Normally, squid’s kept statistics that included the “time” to serve an object, whether it be a HIT, MISS, NEAR HIT, etc. The clock starts for this time when the first headers are received by the client that are validated as a legit squid request, but then doesn’t stop until the client has every last bit of the response.

What this means is that if you have servers in the US and your traffic pattern follows the NY/SF pattern (peaks from around 9am-4pm) and your overseas traffic (i.e. clients really far from your boxes) has a pattern the inverse of that, then you might see ‘time-to-serve’ in squid to be worse during your lowest traffic. Which is confusing, to say the least. 🙂

This patch changes the stopwatch to start at the same time (when squid’s received headers from the client) but stop when squid’s preparing the headers for the response. This measures ONLY the time that squid had the object in its hands, for a hit or a miss, which IMHO is a much better measure of how squid is actually performing with the hardware’s resources.

Yay! Thanks Mark.

Caches and Eviction Policies

Caching systems are finite in size. So what happens when your cache is filled with objects ?

No more objects ? Game over ?

Hopefully, no. Most modern caches have some form of replacement or eviction policy. What means that based on some criteria, it’ll figure out what objects to throw out the window so it can make room for incoming objects. I would say that the replacement policy most commonly found is at least some derivative of the LRU method, or “Least-Recently-Used” policy. Squid can use it, memcached uses it, and most modern CPU caches use it.

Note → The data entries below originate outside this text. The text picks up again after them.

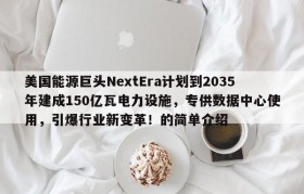美国能源巨头NextEra计划到2035年建成150亿瓦电力设施,专供数据中心使用,引爆行业新变革!的简单介绍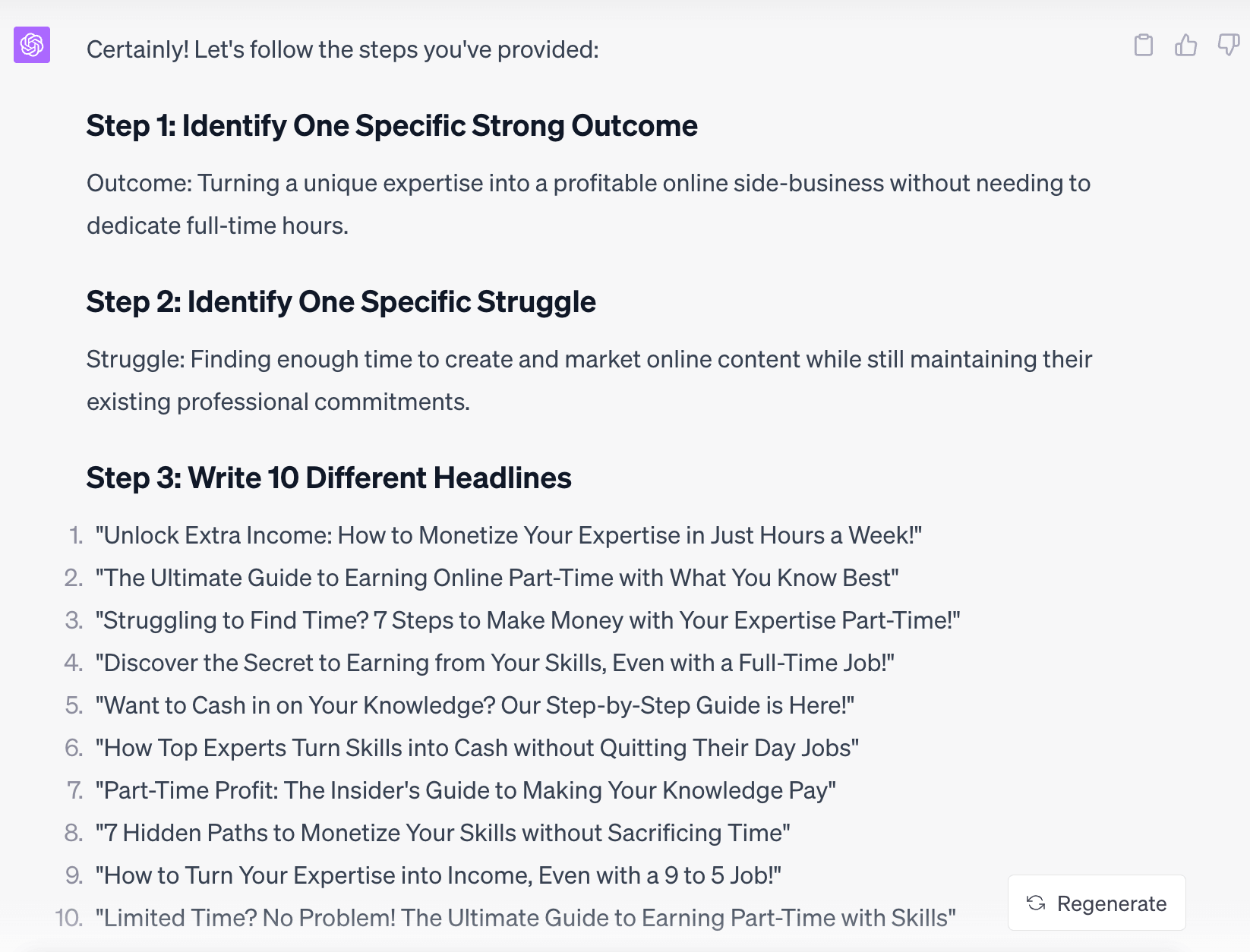 1. Identify one specific strong outcome that holds value to my audience but remains unattainable due to time constraints. It has to be outcome-driven, specific, and tangible.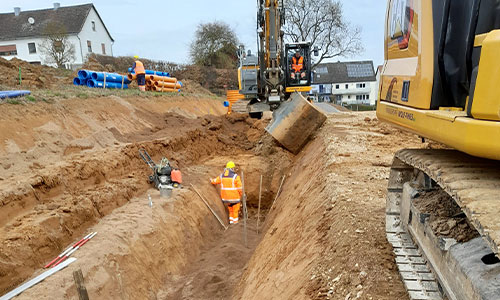 Im Kanalbau werden Schmutz- und Regenwasserleitungen über eine Strecke von etwa 1.000 m verlegt. Darüber hinaus werden Baugruben und Leitungsgräben mit einem Volumen von ca. 1.500 m³ ausgehoben. Der Einbau von etwa 30 Schächten aus Stahlbeton und Kunststoff ist ebenfalls Bestandteil des Projekts. Zudem werden Dichtheitsprüfungen sowie Kamerabefahrungen durchgeführt, um die Qualität und Funktionsfähigkeit der Leitungen zu sichern.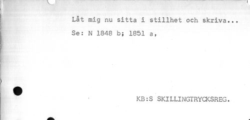 //// Låt mig nu sitta i stillhet och skriva... //// Se: N 1848 b; 1851 a, //// < //// ^ KB:S SKILLINGTRYCKSREG. ////
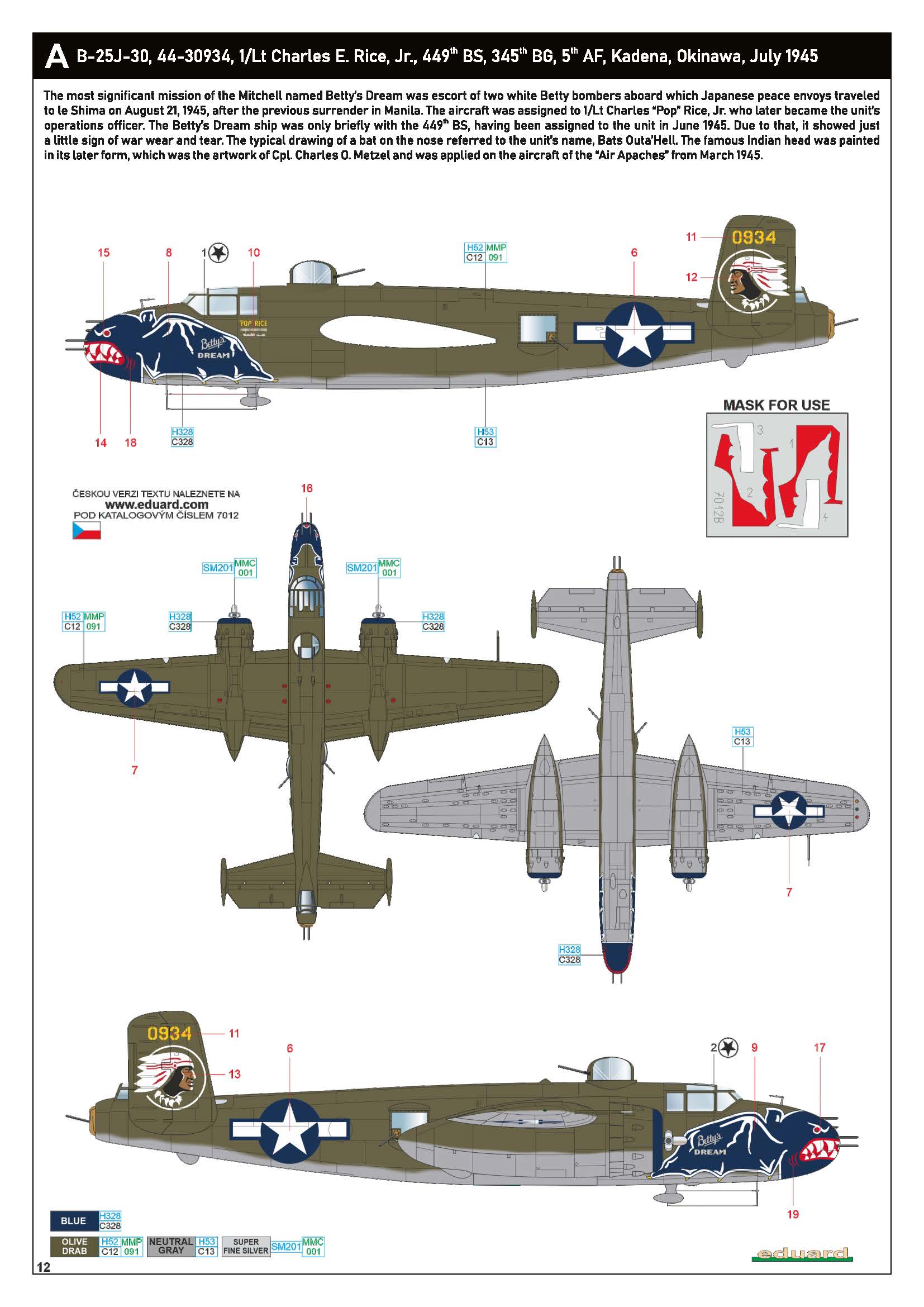 44-30934 B 25J Mitchell 5AF 345BG449BS 1Lt Charles E Rice based at Kadena Okinawa July 1945-Eduard 0C

There are a lot of alternative replacement algorithms out there, but I would say that for most cases of forward and reverse-proxying caches, they are not all that much different, performance wise. But they can be very different, efficiency wise.
One place where they do matter a lot is when the working set is always growing and the window of hot requests could be anywhere inside that increasing set. The cache is spending more time evicting objects, since it’s
always full.

Damn those users and their photos! 🙂

I’ve tried the traditional types of replacement policies (at least those supported by squid) and I found some interesting things that, as usual, probably only apply to situations where you’re dealing with a constantly full cache:

Greedy Dual-Size Frequency: this is designed to hold hotter and smaller
objects, and lean towards getting rid of big objects that might be very
cacheable but might take up too much room. The idea is to hold more
objects, cause they’re smaller. Which is a great idea in theory, but for
Flickr, it didn’t work. Just cause you’re keeping more objects doesn’t
mean that they’ll be requested. 🙂 # of objects went up, hit ratio stayed
the same, and load went up.

LFDA (Least Frequently Used with Dynamic Aging): this one favors popularity, but it means that huge objects
could just fill up the cache and take the space that could be used
by smaller, (faster to serve) objects. It didn’t work for us either.

LRU (Least Recently Used): this was about the best we had seen in production, and we’ve stuck with it. Although we do employ a sort of “poor man’s” GDSF: we limit the size of objects kept in memory and on disk, which means that for objects of a certain size, we purposefully MISS on that object, in order to keep the cache clear of large objects that (currently) aren’t being requested all that often.